Gov. Larry Hogan plans to replace all three members of Baltimore's liquor board, sparking concern from some who worry that the long-troubled agency's reforms could be derailed.
Shareese Churchill, a spokeswoman for the Republican governor, said Hogan is not announcing the replacements yet. But she said they will take office July 1.
"The governor was looking for qualified candidates who have a diverse background and experience," Churchill said. "I don't think it's based on partisanship at all."
Attorney Dana P. Moore, one of the current board members, said Hogan's appointments secretary, James D. Fielder Jr., called her to say the governor had decided to replace the entire board.
"It has been a tremendous honor to do this work," said Moore, who was appointed by former Gov. Martin O'Malley, a Democrat. "My hope is that communities will continue to be an important part of this board, and that businesses will understand the impact they have on the communities in which they operate."
Liquor board chairman Thomas Ward, an 88-year-old former judge also appointed by O'Malley, had already planned to retire this month. But he said he's concerned Hogan will appoint individuals who are not trained in liquor law and who will side with businesses instead of communities.
"I'm very concerned," said Ward. "The liquor board is in good shape."
The third commissioner, Harvey E. Jones, a former campaign aide for Democratic Baltimore Sen. Joan Carter Conway, will become a board alternate, Churchill said.
For years, a patronage system gave state senators considerable influence over who landed jobs with the board. But a change in culture at the agency occurred after a scathing audit in 2013 revealed widespread mismanagement and spotty enforcement by the agency.

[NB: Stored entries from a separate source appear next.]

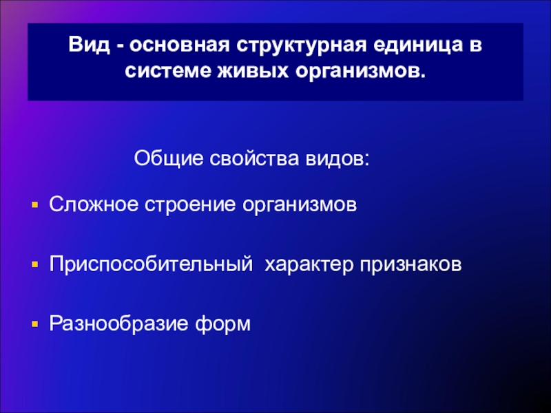 Общие свойства видов: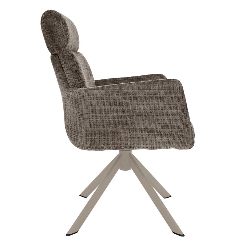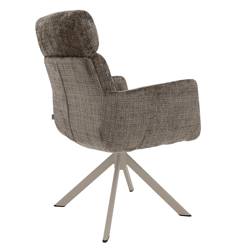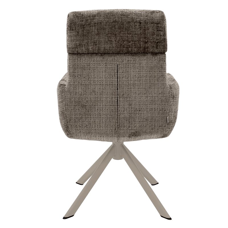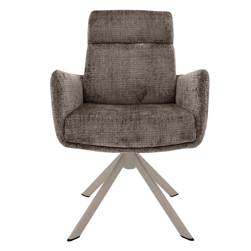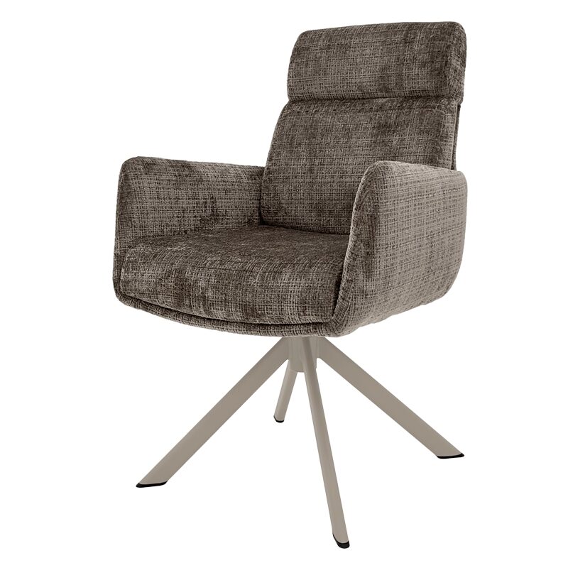 Трапезният стол TORVA предлага несравним комфорт с елегантен дизайн и удобни подлакътници. Изработен от висококачествена дамаска и праховобоядисан метал, този стол издържа до 120 кг и включва покет пружини и функция за люлеене. Със здравата си основа, столът осигурява 360° въртене и автоматично връщане, като е идеален за всяка модерна трапезария.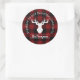 The product design features a silhouette of a deer on a classic red and black buffalo plaid pattern. Combined with your own personalized text, this composition makes farmhouse country-style, modern, and unique stickers for family reunion, Christmas, and any other special occasions.
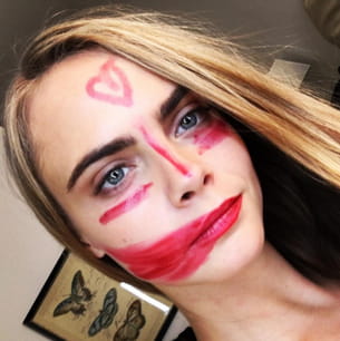Militante. Non, Cara Delevingne n'arbore pas ce nouveau look pour les besoins du tournage de Suicide Squad. Sur un cliché publié sur Instagram, le top apparaît avec des traces de rouge à lèvre sur le visage. Elle participe à la campagne #SmearForSmear, destinée à inciter les femmes à se faire examiner pour éviter un éventuel cancer du col de l'utérus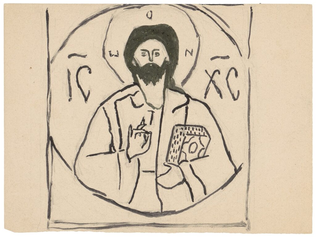 Αντιγράφει μορφή από το μολδαβικό επιτραχήλιο Γαβριήλ και Σοφίκας (1555) της Ιεράς Μονής Σταυρονικήτα Αγίου Όρους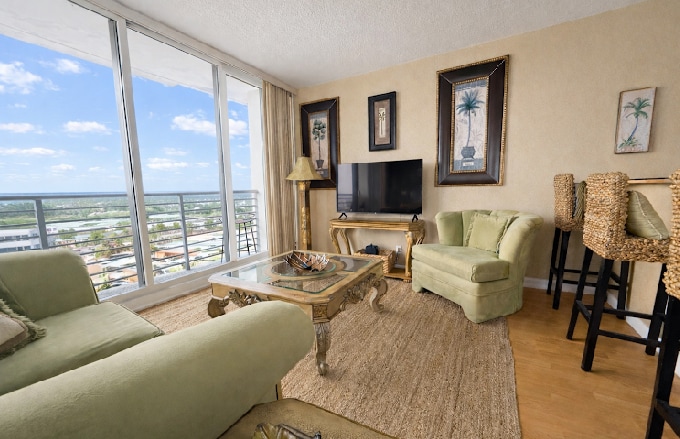 Ligger på Hyde Beach House Resort fullt møblert hjørne 2bed/2bath med både hav- og kanalutsikt. Minutter å gå til stranden. Feriestedet tilbyr en rekke fasiliteter som oppvarmede overdimensjonerte bassenger, tennisbaner, toppmoderne treningsstudio, klubbrom, takterrasse og fellesområde med sommerkjøkken og grill, forretningssenter, kino, festrom med mye mer. Ligger minutter unna stranden, restauranter, kjøpesenter og Gulf Stream Casino.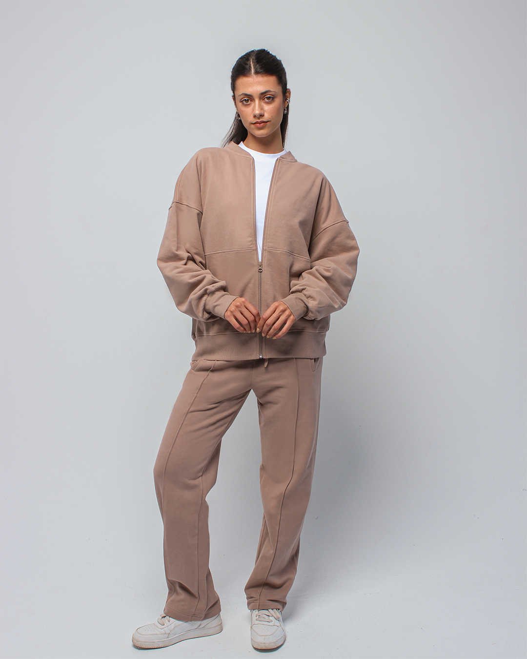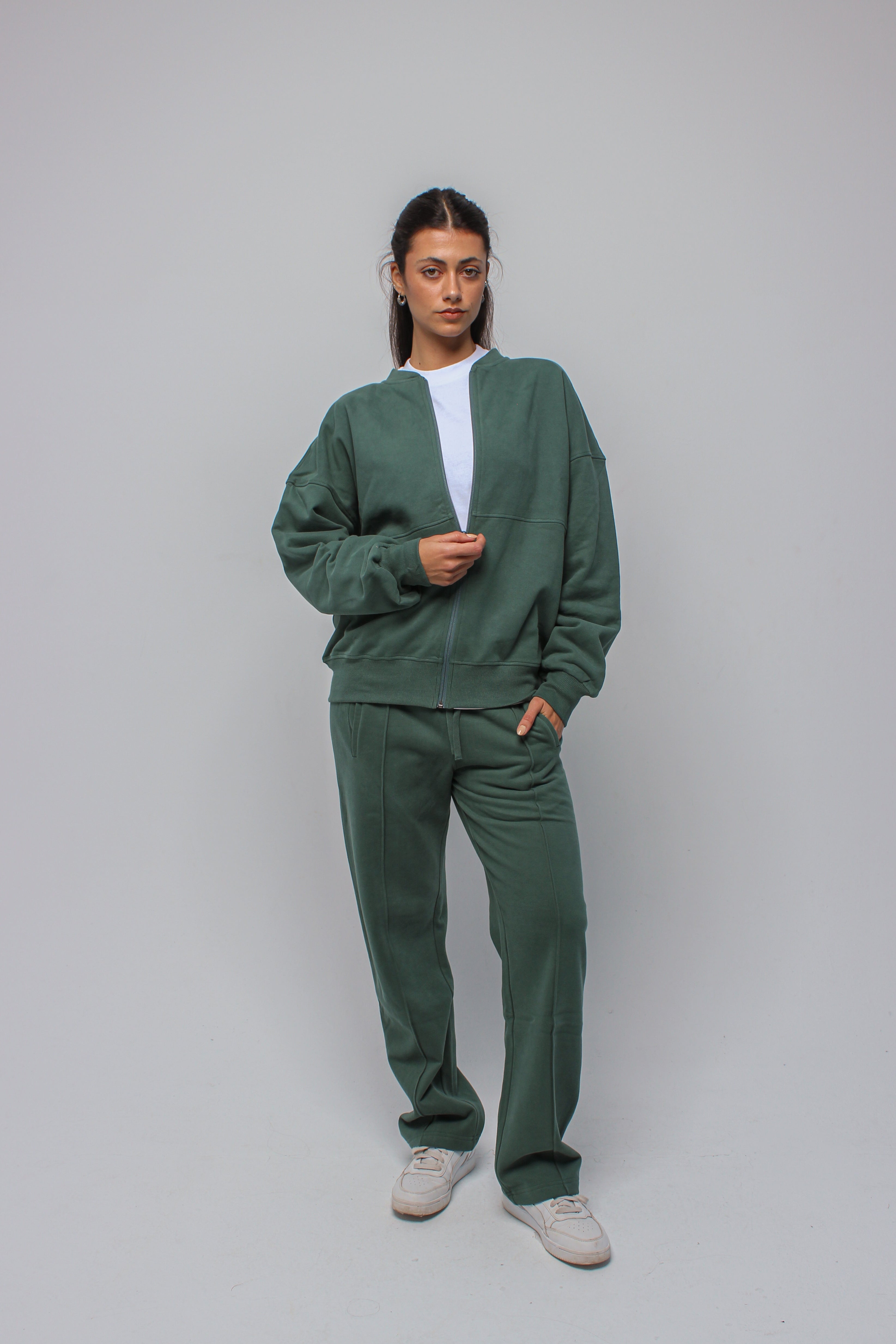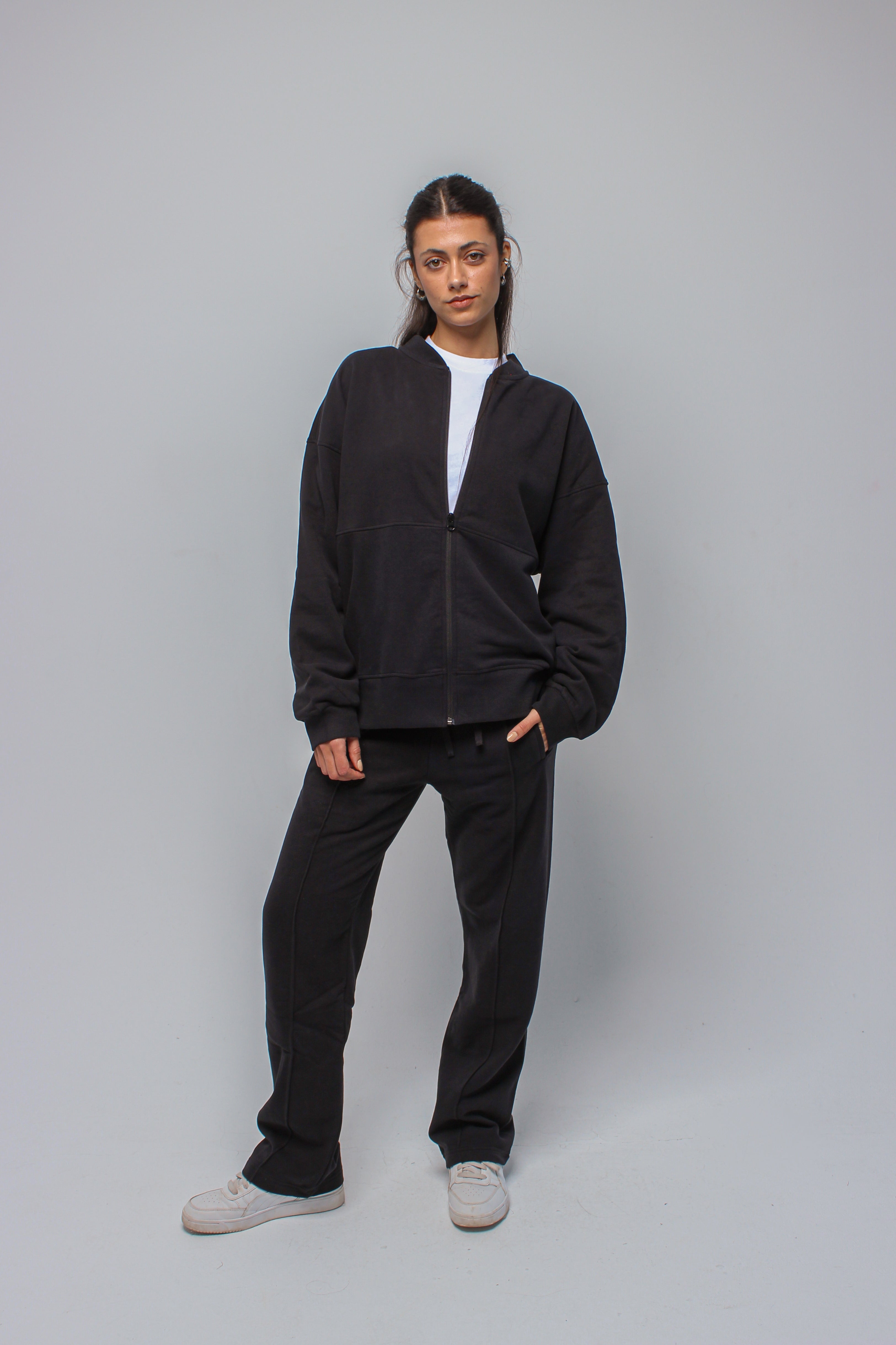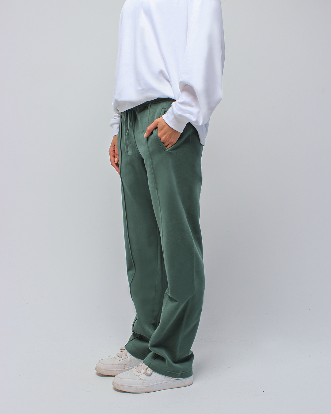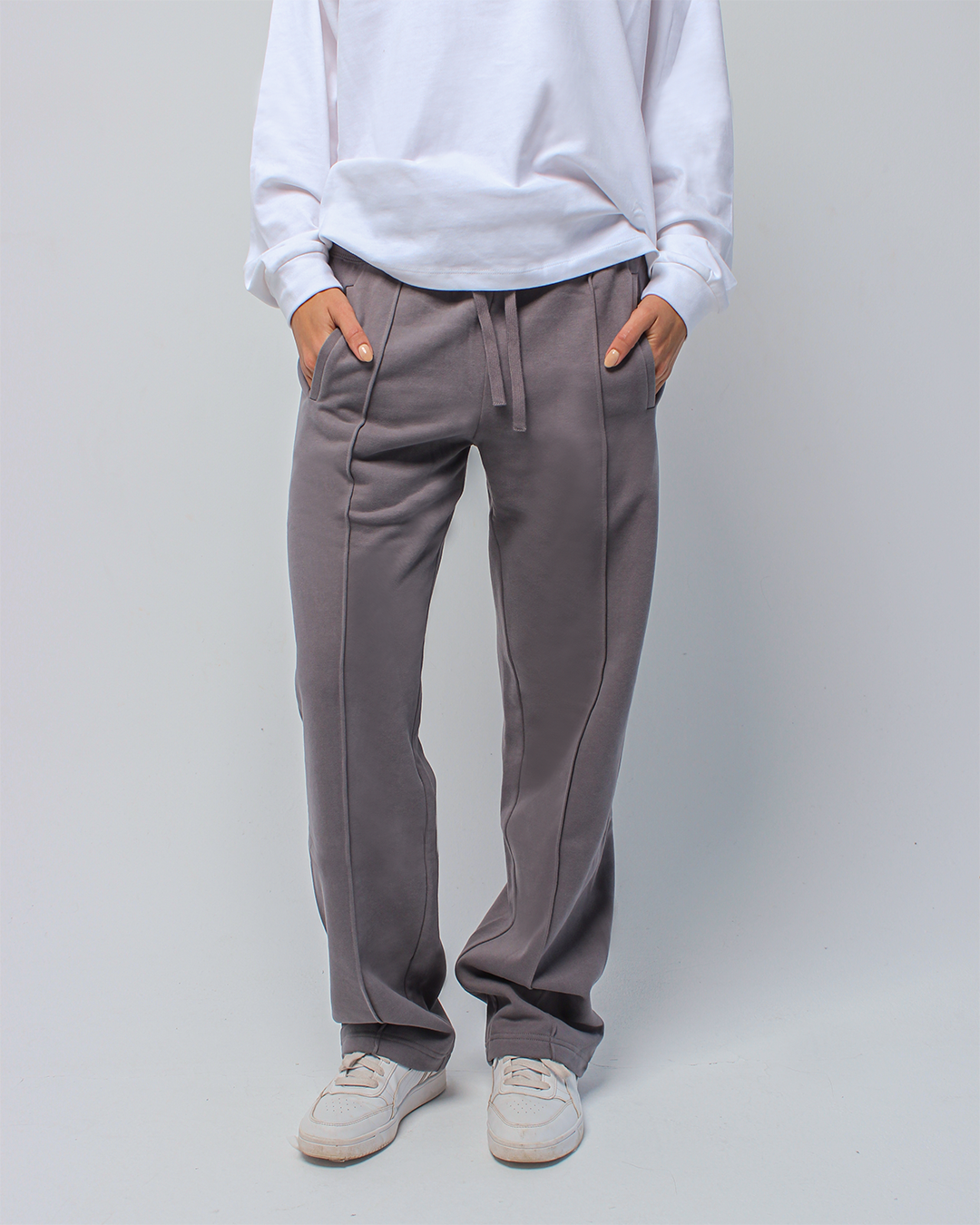 Relaxed straight-leg pants designed with a soft, structured feel. A clean front seam runs down the center for a lengthened, refined look, while the comfortable waistband makes them ideal for everyday wear.

The audit found, among other problems, that about 200 bars were never inspected during an entire year. Two liquor board inspectors who were expected to conduct more than 800 liquor establishment inspections each year completed only 41, the audit said.
Ward was appointed chair with the understanding he would change that.
Under his leadership, the liquor board has gained a reputation for cracking down on bars it sees as problems. This fiscal year, the board has found 241 violations at Baltimore's bars, compared with 94 the previous year. The board has closed or revoked 28 licenses compared with eight a year before.
The crackdown won praise from community groups tired of out-of-control partying, but business owners argued that the enforcement had grown too harsh.
Ward has also required more from the board's eight inspectors, ordering them to work at night and on weekends and to conduct 10 to 12 bar inspections per day.
"The inspectors are doing what they're supposed to do now," Ward said. "We began punishing bars that were creating havoc in neighborhoods by their policies."
Churchill said Hogan has no desire to return to the old days. "He is committed to selecting talented, experienced people to represent the interests of the city," she said.
But the pending changes at the board have sparked concern among community members.
Ira Kowler, an assistant director of neighborhood programs with the Greater Homewood Community Corporation, has asked city residents to write Hogan asking him to honor the board's current direction.
"We have been alerted to the fact that new Liquor Board Commissioners are due to be appointed at the end of June," he wrote. "With the new Administration, there is a growing concern that Governor Hogan will appoint new Commissioners who are more 'pro-business' and less likely to take into consideration community concerns in addressing problem liquor outlets."
Attorney Becky Witt of the Community Law Center said she was concerned that Moore was not being retained. "She's taken the job really seriously and done her homework," Witt said. "It would be real shame to lose her."
But lawyer Abraham L. Hurdle, who represents bars before the board, said he'd like to see more even enforcement by the board. The agency acknowledged in January that some large venues have not been subject to the unannounced inspections that smaller bars and restaurants routinely undergo.
"If you break the rules you should be punished, but everything has to be done the right way," Hurdle said.
A state agency that's funded by the city, the liquor board holds its meetings at City Hall and has a budget of $1.7 million.
The job of liquor board commissioner is considered a part-time position. It pays $28,000.